The season concludes with The Witch of Edmonton, a sensational tabloid story set in an English village, penned in 1621 by William Rowley, Thomas Dekker and John Ford. It recounts the overlapping tales of the vindictive mischief of Mother Sawyer and her devil-dog, and a young man prompted to murder to solve a desperate predicament. Directed by Anita La Selva, the production runs March 20 to 26, 2011 in the Sandra Faire & Ivan Fecan Theatre at York.
Left: A woodcut of the title page of the first quarto of The Witch of Edmonton, a play penned in 1621 by William Rowley, Thomas Dekker and John Ford
La Selva is a Toronto-based actor and director. Her performance credits include Madre (Aluna Theatre), The Carpenter and Carmela’s Table (Centaur Theatre) and numerous television series, including four seasons on Gene Roddenberry’s Earth: Final Conflict. She recently directed The Burning Bush at the Young Centre for Performing Arts, Toronto Fringe, Frigid New York festival and Vancouver Chutzpah Festival, picking up “best of the fringe” in Toronto and the audience choice award in NYC. Other directing credits include Igor Stravinsky’s A Soldier’s Story for Toronto’s SummerWorks festival (applauded by NOW magazine for outstanding direction and production), and Shiksas Sit Shiva (Toronto Fringe ‘patrons pick’ and NOW magazine’s list for outstanding production).
Ishmael, Muir and La Selva are all currently pursuing graduate studies in the MFA program in directing in York University’s Department of Theatre.
Now in its 42nd season, Theatre @ York is one of Toronto’s longest-running theatre companies. Every year, the company features some of Canada’s most promising performance and production talent in a challenging and entertaining slate of plays drawn from the contemporary and classical repertoire.

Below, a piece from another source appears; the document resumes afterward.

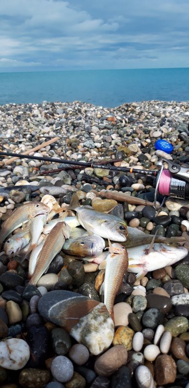 С раннего утра карасики и барабульки, затем сломался крючок — последний. Поездка за снастями в Гагры, потом волна прижала к берегу.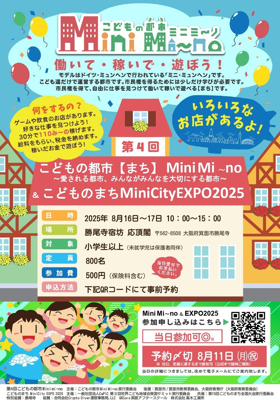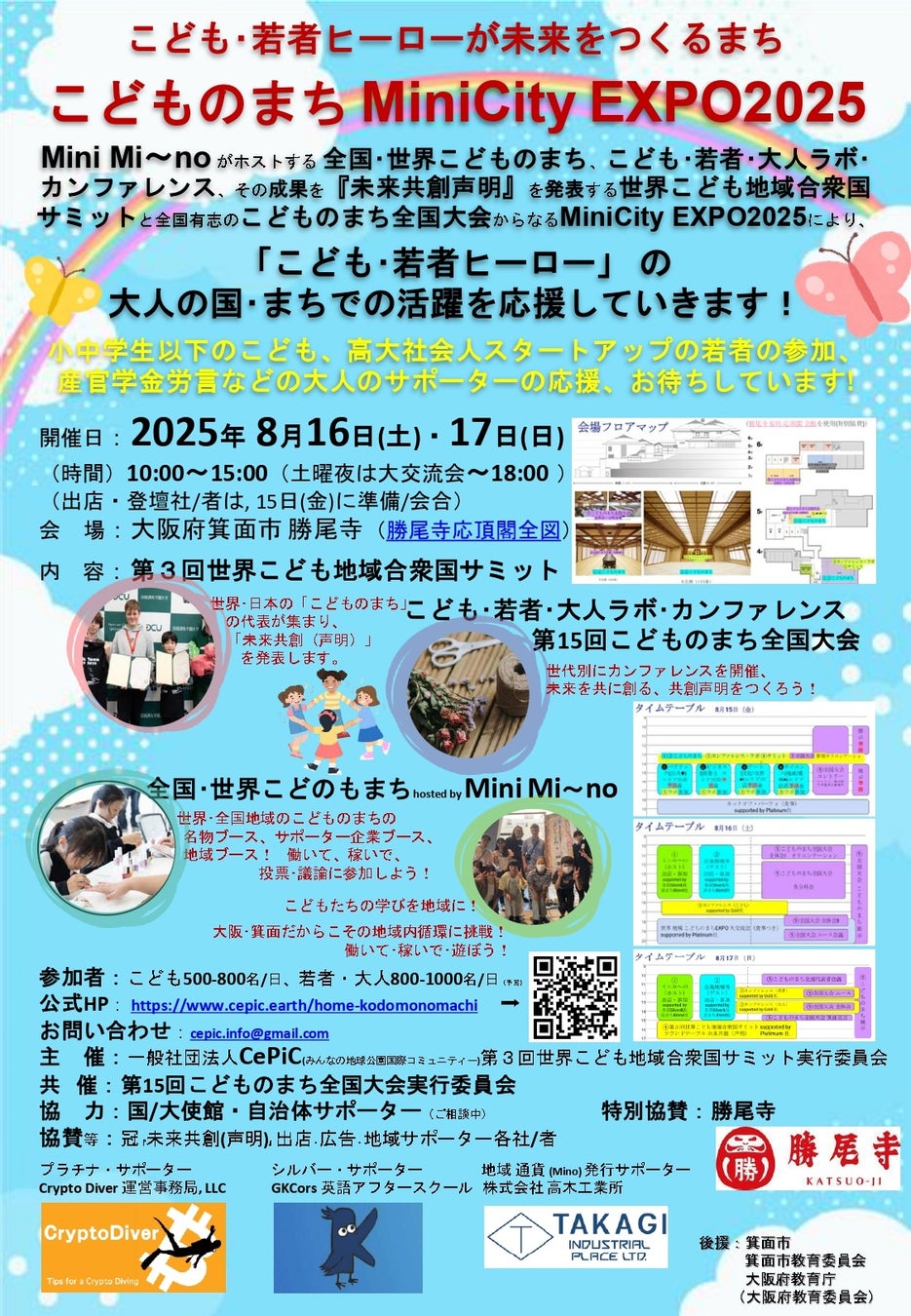 こども・若者ヒーローが未来をつくるまちへ!『こどものまち MiniCity EXPO2025』&第3回世界こども地域合衆国サミット 8月16日・17日、大阪・箕面市 勝尾寺で開催!

Theatre @ York’s 2010-2011 Season
- Ti Jean and His Bothers
Dates: Previews from Nov. 7, opens Nov. 9 and runs to Nov. 13
Schedule: 7:30pm nightly with 1pm matinees Nov. 10 & 12
Location: Joseph G. Green Studio Theatre in York University’s Centre for Film & Theatre - The Last Days of Judas Iscariot
Dates: Previews from Jan. 23, 2011, opens Jan. 25 and runs to Jan. 29
Schedule: 7:30pm nightly with 1pm matinees Jan. 26 and 28
Location: Joseph G. Green Studio Theatre in York University’s Centre for Film & Theatre - The Witch of Edmonton
Dates: Previews from March 20, 2011, opens March 22, runs to March 26
Schedule: 7:30pm nightly with 1pm matinees March 23 and 25
Location: Sandra Faire & Ivan Fecan Theatre in York University’s Accolade East Building
General admission tickets are $17. Tickets for students and seniors are $12. Tickets for the preview performances are $5 each. A Come Play with US! season subscription is $40, students and seniors $25.